COLLECTED DATA:
================

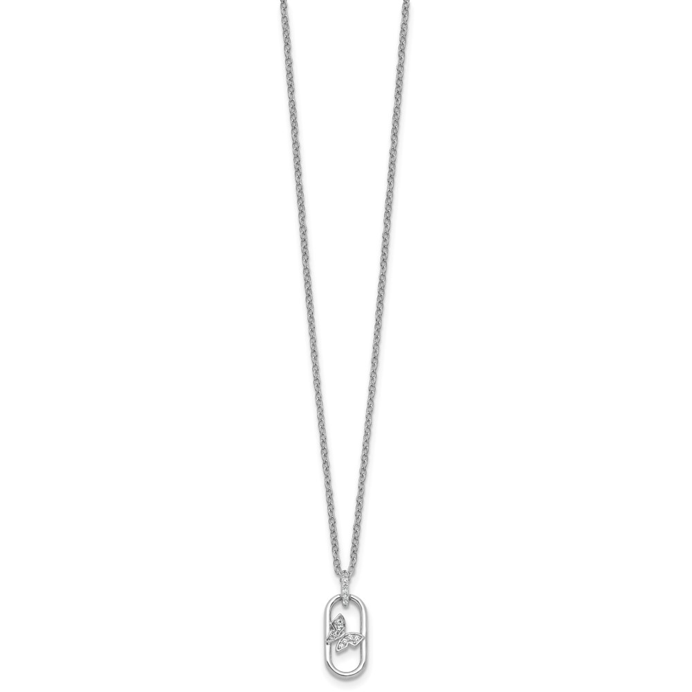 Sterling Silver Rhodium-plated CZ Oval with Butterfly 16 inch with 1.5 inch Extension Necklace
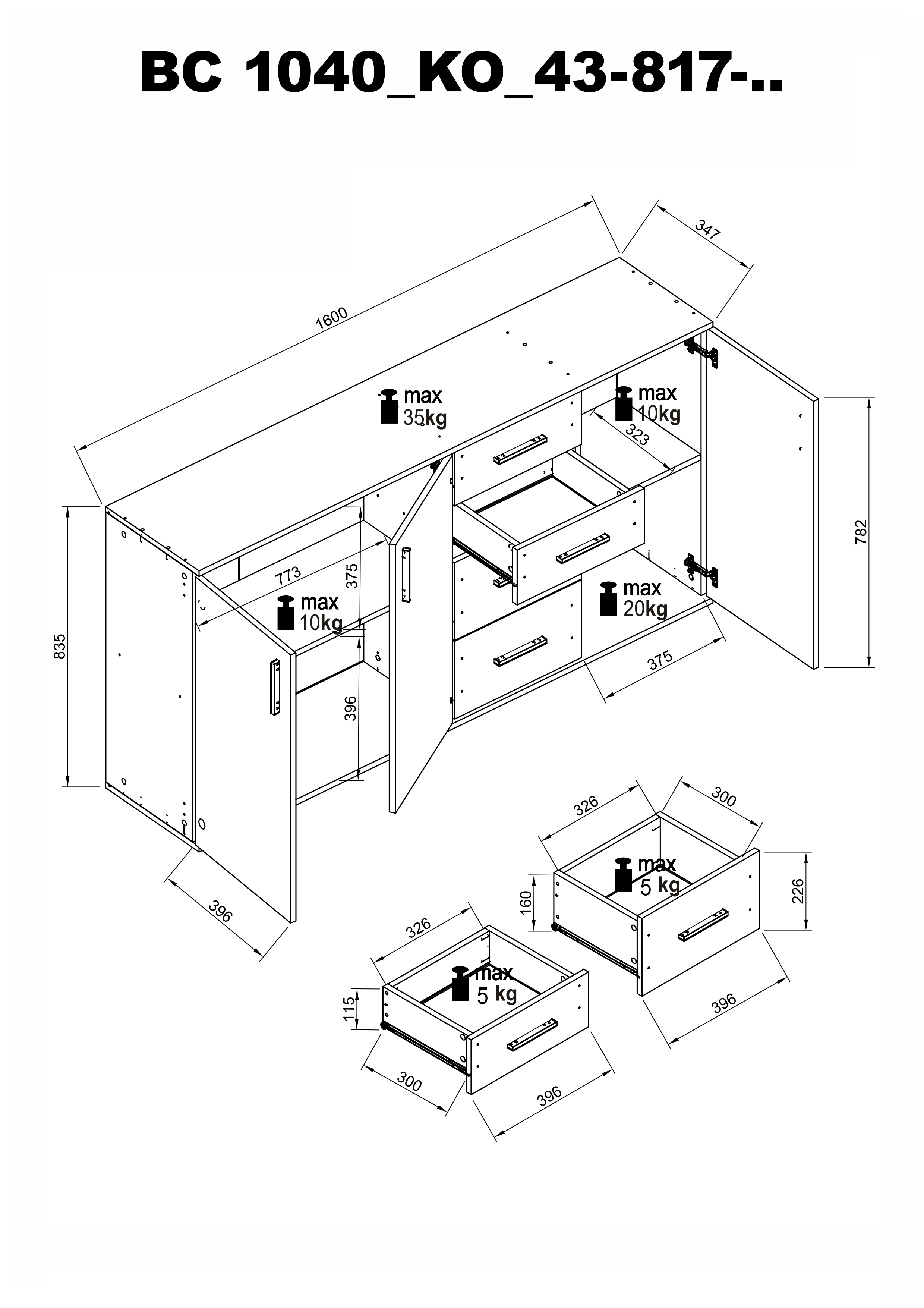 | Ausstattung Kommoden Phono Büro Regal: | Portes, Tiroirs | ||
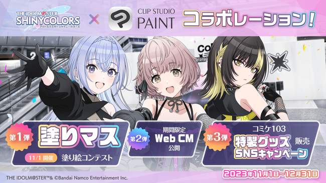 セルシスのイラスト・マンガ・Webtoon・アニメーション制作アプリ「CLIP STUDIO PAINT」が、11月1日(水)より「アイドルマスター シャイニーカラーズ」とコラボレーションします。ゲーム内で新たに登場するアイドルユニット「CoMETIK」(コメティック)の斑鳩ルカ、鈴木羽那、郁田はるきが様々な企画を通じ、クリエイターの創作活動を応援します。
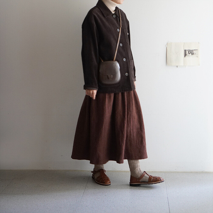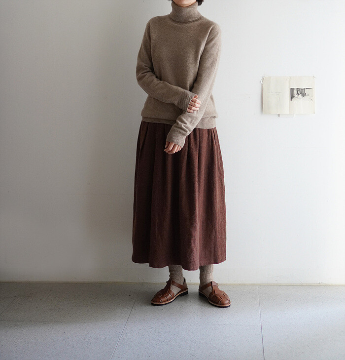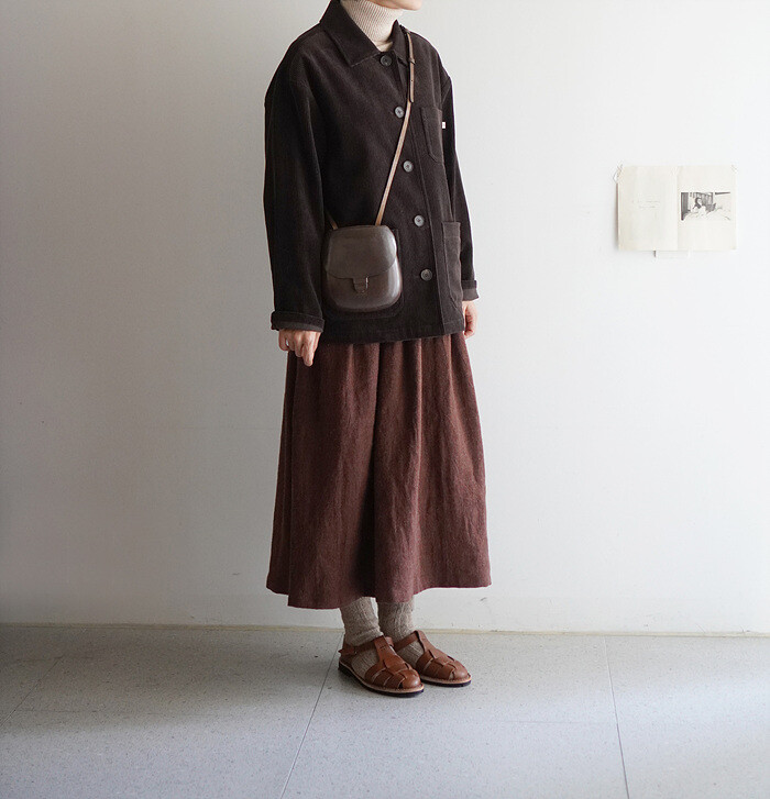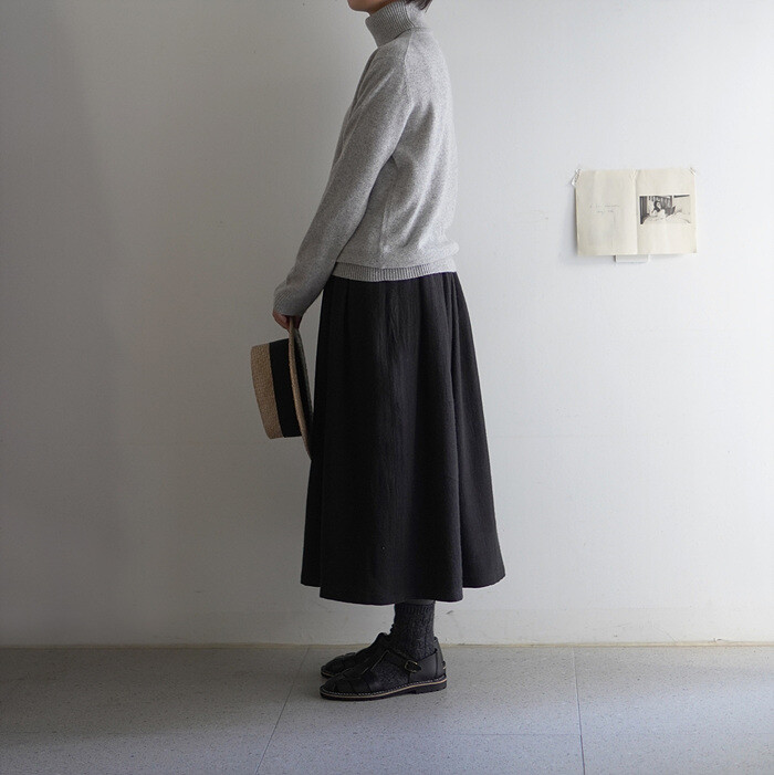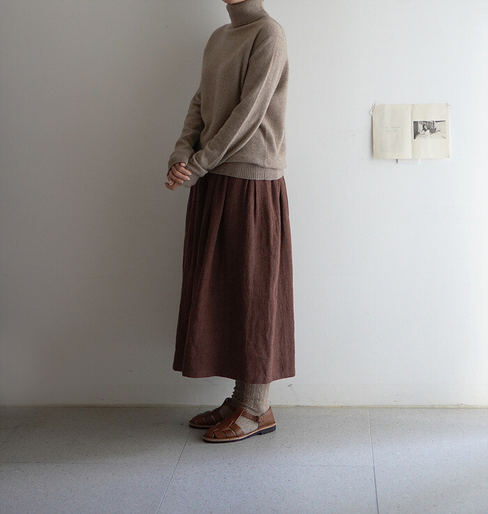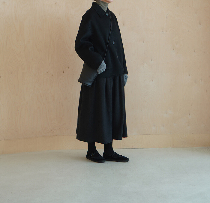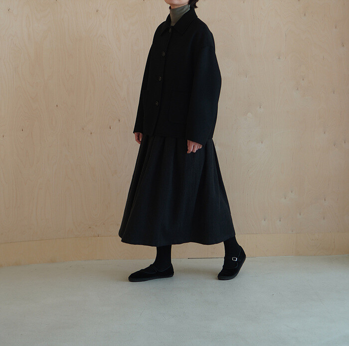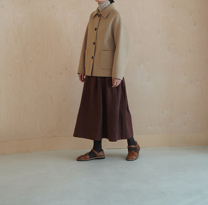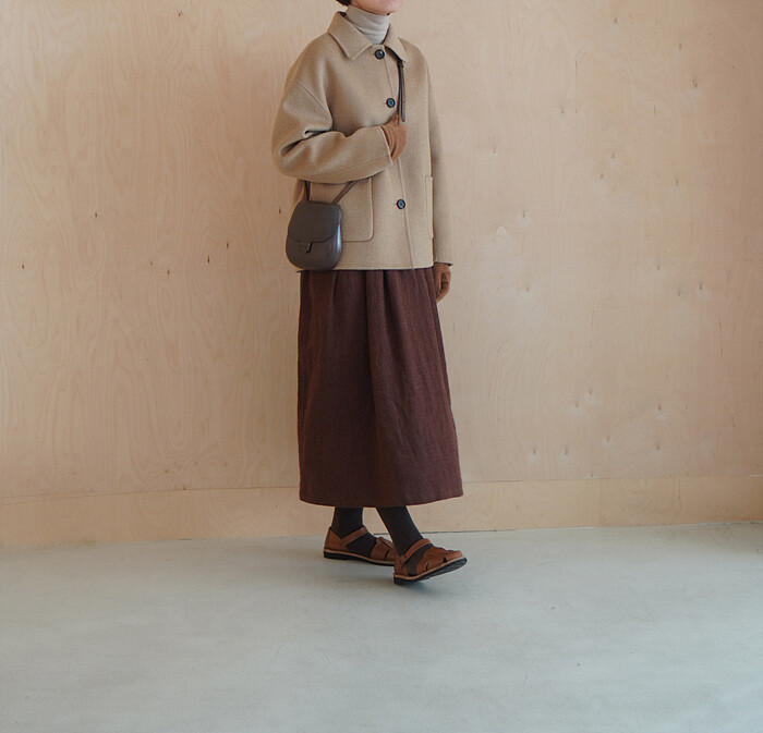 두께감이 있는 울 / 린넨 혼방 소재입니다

================

EXERCISE:
Once the images are removed, print the remaining data exactly as it appears above.

ANSWER SPACE:
 Sterling Silver Rhodium-plated CZ Oval with Butterfly 16 inch with 1.5 inch Extension Necklace
 | Ausstattung Kommoden Phono Büro Regal: | Portes, Tiroirs | ||
 セルシスのイラスト・マンガ・Webtoon・アニメーション制作アプリ「CLIP STUDIO PAINT」が、11月1日(水)より「アイドルマスター シャイニーカラーズ」とコラボレーションします。ゲーム内で新たに登場するアイドルユニット「CoMETIK」(コメティック)の斑鳩ルカ、鈴木羽那、郁田はるきが様々な企画を通じ、クリエイターの創作活動を応援します。
 두께감이 있는 울 / 린넨 혼방 소재입니다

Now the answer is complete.